On Sep 27, 2014, at 4:06 PM, ANDY HOLT<andy.holt at
tesco.net> wrote:
On Sat,
Sep 27, 2014 at 12:50 AM, Dave G4UGM<dave.g4ugm at gmail.com> wrote:
On reading [Dijkstra's] quotes he sounds very
bitter and twisted about all the
languages in common use in commercial and scientific computing when he wrote
that quote (around 1975 I believe)...
He slates Basic, Cobol, Fortran, APL and PL1..
Because they all sucked, for various reasons. Being in common use
doesn't mean that they're good in any absolute ...

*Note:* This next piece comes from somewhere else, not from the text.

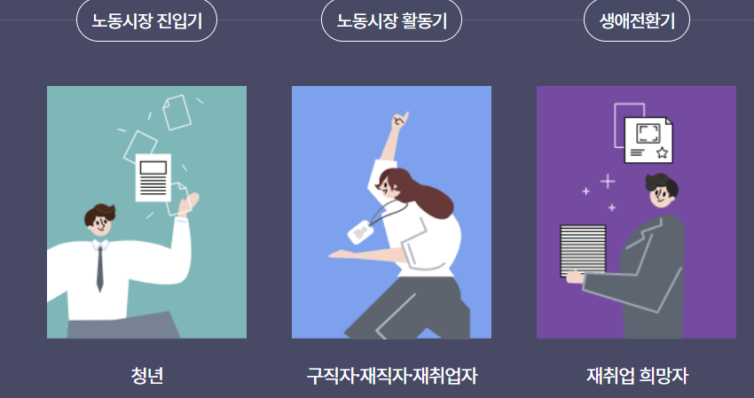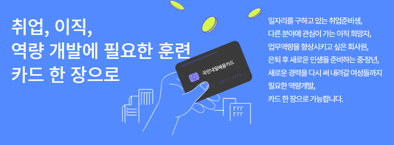 은퇴 후 새로운 인생을 준비하는 중·장년, 새로운 경력을 다시 써 내려갈 여성들까지 필요한 역량개발 훈련을 받을 수 있는 제도입니다.

Dijkstra's key interest was proving program correctness (he was a
mathematician).
All the stated languages had features that made this difficult - if not outright
impossible.
But he didn't have a good answer when I asked him if this didn't just push the
problem back
to the program specification, not to mention the problem that in "the real
world" specifications
received frequent modification.
So what was his answer?
Proof of program correctness is one of those
things that I feel "would be nice, but will /never/
happen for real applications?.
I would have thought so too (and that was after taking his course). Then I
found out about a real-time OS that was evaluated under the Common Criteria security
standards to EAL 7 (the highest level), a year or two ago. Take a look at what the
description for that level says; it?s pretty close to proof of correctness, perhaps the
actual thing. And that was for a commercial product with real world applications.